Tomate, pimentão, alho, cebola, pimenta do reino, cominho, colorau e sal. Banha
de porco e um punhado de manteiga. Colocar tudo em uma caçarola grande e funda,
água com moderação. Cobrir e por no fogão à lenha para cozinhar.
No
início da década de 60 do século XX o fogão da minha avó Petrina era de
alvenaria e tinha a lenha como combustível. Somente na metade daquele decênio chegaria
em sua casa um moderno fogão a gás, adquirido na Sergipe Gás, a loja fundada
por Albino Silva da Fonseca que revolucionou a cozinha dos sergipanos.
A
cozinha da minha avó era ampla. O penúltimo cômodo da casa. Depois dela, ainda
tinha o banheiro, mas para ter acesso a este era necessário sair pela porta da
cozinha, chegar ao quintal e ingressar por uma porta lateral que se abria sem
comunicação com a casa. O banheiro integrava o corpo da casa, sem se comunicar
diretamente com esta, sem que nenhuma porta levasse diretamente da cozinha ao
seu interior.
Voltemos
à casa. Desde a porta de entrada principal até a cozinha se atravessava um
longo corredor. À esquerda dele, quatro portas que davam acesso a uma sala e
três quartos de dormir. Na sala, chamada de visitas, um conjunto com sofá e
cadeiras e uma mesa torneada sobre a qual descansava um rádio da marca Semp,
com válvulas, que sintonizava emissoras em ondas longas, medias e curtas. Era
ao redor dele que ouvíamos a revista de variedades que era o programa
Calendário, comandado por Santos Mendonça, e nos debulhávamos em lágrimas
ouvindo Silva Lima entrevistar presidiários no programa Cada Crime Tem Sua
História, ambos transmitidos pela rádio Liberdade.
Na
mesma sala, ao lado da mesa do rádio, havia um espaço no qual, imponente, se
instalou a TV Philips, quando ela foi comprada e passou a animar as noites
chorosas da família em torno dos dramas da Mamãe Dolores e Albertinho Limonta,
o neto bastardo do poderoso e arrogante tirano Dom Raphael. Era o melodrama da
telenovela O Direito de Nascer, produzida pela TV Tupi e retransmitida em
Sergipe pela antena instalada no Morro do Urubu, que captava o sinal da TV
Jornal do Comércio, em Recife.
Contíguo
a sala de visitas ficava o quarto da Tia Terezinha. Logo após, o da Vovó Petrina
e, por fim o meu.
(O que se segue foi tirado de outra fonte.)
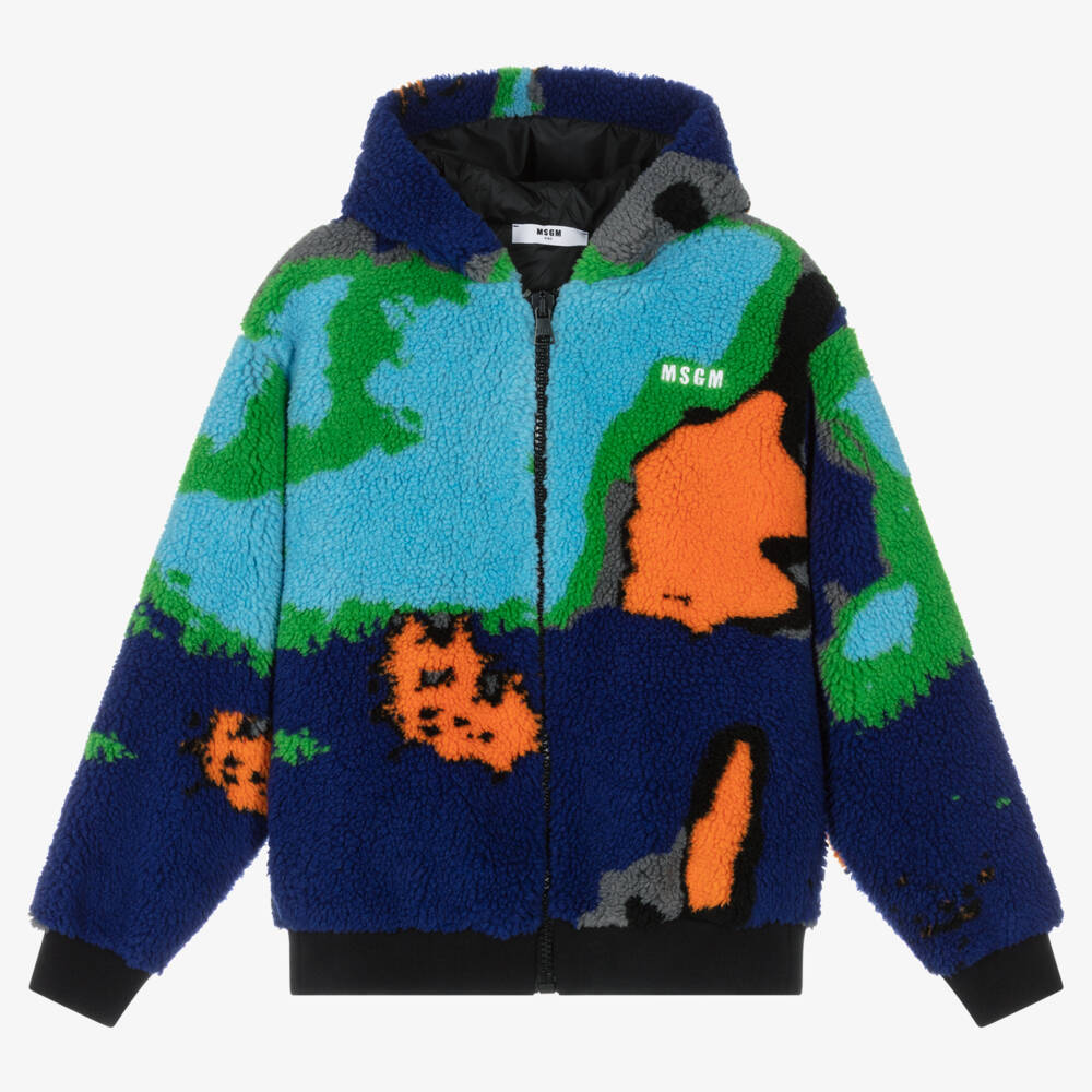 Colourful hooded zip-up top for teen boys by MSGM, with a white embroidered micro logo on the chest. Patterned with a bright green, blue and orange melted paint effect design, it makes an eye-catching statement. Made in soft sherpa fleece for a warm, cosy feel, it has a silky lining, concealed side seam pockets and ribbed trims.
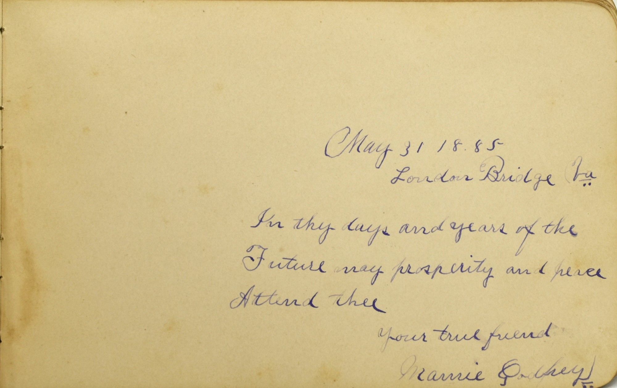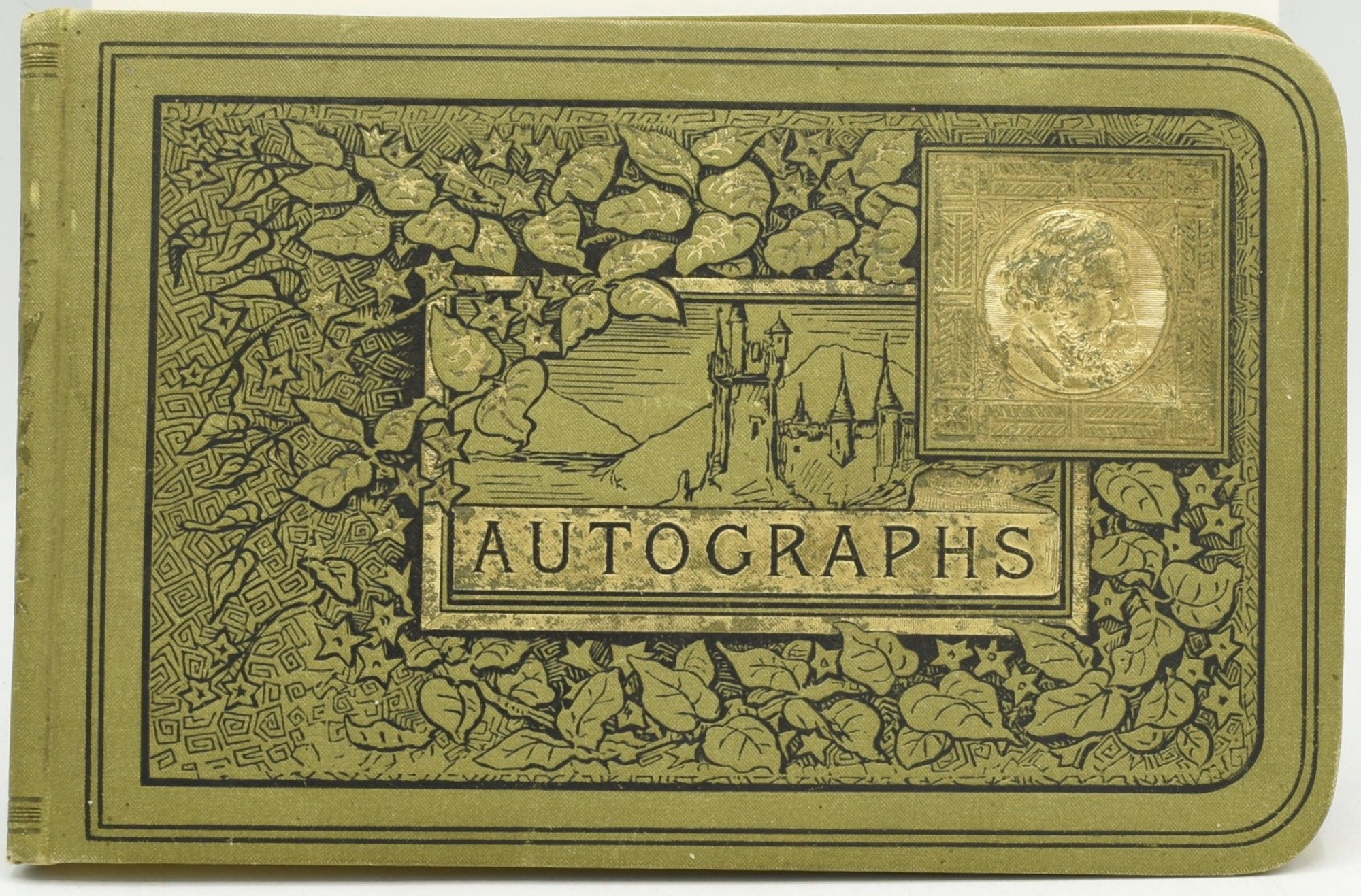 [Norfolk, Virginia], 1886. Hard Cover. Good binding. The autograph album of Lottie Moore Banks, with autographs by many of her relatives, including Lizzie Moore Winingder, and what appears to be Henry Virginius Moore, among others. Virginius served as 1st Sgt., 1st Co. H, 16th Virginia Infantry Regiment, and Lieutenant of the Norfolk Light Artillery Blues. Entries are dated between 1881-1886. With ten pages of text, comprised of poetry, whimsical 'forget-me-not' styles of greetings or farewells, and the autographs of many individuals, often dated. Chromolithographic title page, and six additional chromolithographic illustrated plates. Textblock cracked but holding at a few locations, likely from a small number of excised, presumed blank, leaves. Oblong green cloth, decorated in black and gilt, with some shipping to the gilt decorations. All edges gilt. Good binding.

Acabava o corredor e tudo se abria para uma grande e
confortável sala de jantar, com uma mesa enorme, retangular, em madeira escura
e oito cadeiras de uma madeira pesada, com assentos e encostos em couro preto
trabalhado com uma decoração de flores gravadas em relevo.
Seguindo
o declive natural do terreno, era necessário descer três degraus para chegar a
uma pequena copa e em seguida a cozinha. À direita uma janela e uma pia
grande. Ao centro, uma mesa larga. À
esquerda uma despensa e ao fundo o imponente fogão a lenha.
Voltemos
à receita da Vovó. Quando ela acendia o fogo para cozinhar o frito de boi e
porco, também acionava o dispositivo que começava a aquecer o forno ligado ao
fogão. Uma hora e meia depois, a carne estava pronta. Bem cozida, molho encorpado
no fundo da panela.
Com
muito cuidado, dona Petrina retirava cada pedaço de carne da panela e ia
arrumando tudo em uma assadeira que em seguida era colocada no forno, já bem
quente. Mais 15 minutos ali, ficava crocante por fora e macio e suculento por
dentro. Retirado do forno, era tudo colocado de volta à panela, juntando outra
vez com o molho e dando uma nova fervura. Hora de servir a mesa.
Toalha
colorida era o padrão usado para forrar a mesa das refeições. Era domingo e,
como de hábito, aos domingos, feriados e nos dias de festa, sempre toalha
branca. Pratos e talheres, eu, a Tia Terezinha e Dona Petrina em volta da mesa.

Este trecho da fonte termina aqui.